In contrast, in the same mouse model, an IL-17 blocking antibody did not improve pulmonary mechanics (Fig. 6a), pulmonary neutrophils (Fig. 6b) or levels of IL-22 (Fig. 6c) or KC (Fig. 6d), despite reducing IL-17 levels by 80% /Fig. 6e). A modest 40% improvement in airway hyperreactivity (Fig. 6f) was observed. In this mouse model, the reduction of non-Th2 relevant endpoints (pulmonary neutrophilia and IL-8) and Th17 relevant endpoints (IL-17) observed with BIX119 was not achieved to the same extent by other launched and pipeline treatments for severe asthma (anti-IgE, anti-IL-5, anti-IL-4R, anti-TSLP, anti-IL-33 antibodies, monteleukast or oral corticosteroids; Table 2).

Fig. 6
figure 6

Female Balb/c mice were senitised with house dust mite (HDM) in complete Freunds adjuvant intraperitoneally on days 0 and 1 and subsequently challenged intratracheally with saline (N = 6) or HDM in saline (N = 8) on days 14 and 15. Anti-mouse IL-17 blocking antibody or isotype control (400 µg) was dosed intraperitoneally on day 13. Mice were sacrificed on day 16 and pressure–volume loops (a), and bronchioalveolar lavage fluid neutrophils (b), IL-22 (c), KC (d) and IL-17 (e) and airway hyperresponsiveness to acetylcholine (f) were measured.

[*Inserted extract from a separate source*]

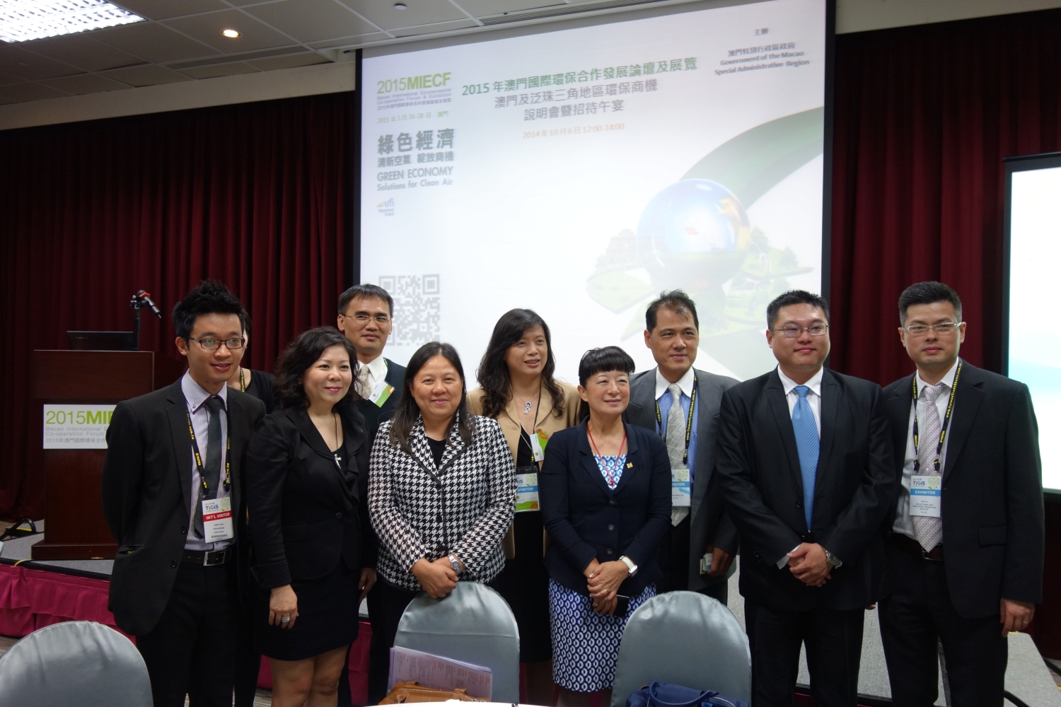 為宣傳推廣「2015年澳門國際環保合作發展論壇及展覽」(2015MIECF),由澳門貿易投資促進局及環境保護局共同主辦之2015 MIECF「綠色經濟──清新空氣 綻放商機」澳門環保商機說明會暨招待午宴(台北)已於2014年10月6日假台北世界貿易中心南港展覽館4樓會議室舉行。會上由貿促局劉關華執行委員及環境保護局黃蔓葒副局長分別致辭;同時,2015MIECF項目經理–科隆國際展覽有限公司代表介紹2015MIECF之活動概況及參展參會配套安排。

Data are expressed as mean ± SEM. Statistical analysis was performed using a non-parametric Kruskal–Wallis test with Dunn’s multiple comparison (*P < 0.05)

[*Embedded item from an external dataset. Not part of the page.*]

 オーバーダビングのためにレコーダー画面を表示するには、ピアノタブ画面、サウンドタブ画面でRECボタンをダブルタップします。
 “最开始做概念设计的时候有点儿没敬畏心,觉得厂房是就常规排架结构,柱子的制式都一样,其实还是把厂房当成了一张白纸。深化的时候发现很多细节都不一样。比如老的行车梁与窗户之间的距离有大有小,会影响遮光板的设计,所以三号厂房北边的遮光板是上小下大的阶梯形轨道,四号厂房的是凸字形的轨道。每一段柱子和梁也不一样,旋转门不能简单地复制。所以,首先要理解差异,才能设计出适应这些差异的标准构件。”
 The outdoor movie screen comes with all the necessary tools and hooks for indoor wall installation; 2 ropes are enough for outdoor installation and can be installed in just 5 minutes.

Table 2 Efficacy profiles of RORγt inhibition versus launched and pipeline mechanisms of action in the mouse house dust mite model

Next generation sequencing (NGS) of lung tissue mRNA coupled with cell deconvolution analysis identified genes associated with IL-17 and IL-22 expressing γδT-cells (Fig. 7a; black arrows) which was reversed upon treatment with BIX119. The presence of this predominantly IL-17 expressing lymphocyte was confirmed by flow cytometry analysis of a single cell lung digest (Fig. 7b). The presence of γδT-cells in this model was not reduced by oral corticosteroids (Fig. 7c). Interestingly, cell deconvolution showed only a small difference in neutrophil gene signatures between HDM-treated mice and controls (Fig. 7a) which is apparently in contrast to the larger increase in cell numbers observed (Fig. 5c). However, the neutrophil signature used for the deconvolution analysis is derived from resting peripheral neutrophils, whereas those neutrophils observed in the lung have been exposed to numerous activating factors which are likely to change the mRNA signature [37] which may explain this apparent discrepancy. NGS analysis also showed increases in CXCL1, CCL20 and IL-6 transcripts in HDM mouse lung which were reversed by treatment with BIX119 (data not shown). Increases in the same genes were also observed in bronchial biopsies from the U-BIOPRED consortium (GSE76225; data not shown).

Fig. 7
figure 7

Female Balb/c mice were senitised with house dust mite (HDM) in complete Freunds adjuvant intraperitoneally on days 0 and 1 and subsequently challenged intracheally with saline (N = 6) or HDM in saline (N = 8) on days 14 and 15. a Next generation sequencing was performed on lung tissue and cell deconvolution performed using a DCQ algorithm. Heatmap of z-score transformed scores calculated by the digital cell quantication algorithm for all three different groups. High values correspond to predicted enrichment of the cell type indicated in the rows. Only cells which have a significant change in quantity between conditions are shown. Highest up-regulation (light orange) to highest down-regulation (dark purple). b Lung digestion and flow cytometry was performed on the single cell suspension. c Effect of oral prednisolone 10 mg/kg b.i.d. on the presence of γδ-T-cells in the lungs of HDM treated mice. Data are expressed as mean ± SEM. Statistical analysis was performed using a non-parametric Kruskal–Wallis test with Dunn’s multiple comparison (***P < 0.005)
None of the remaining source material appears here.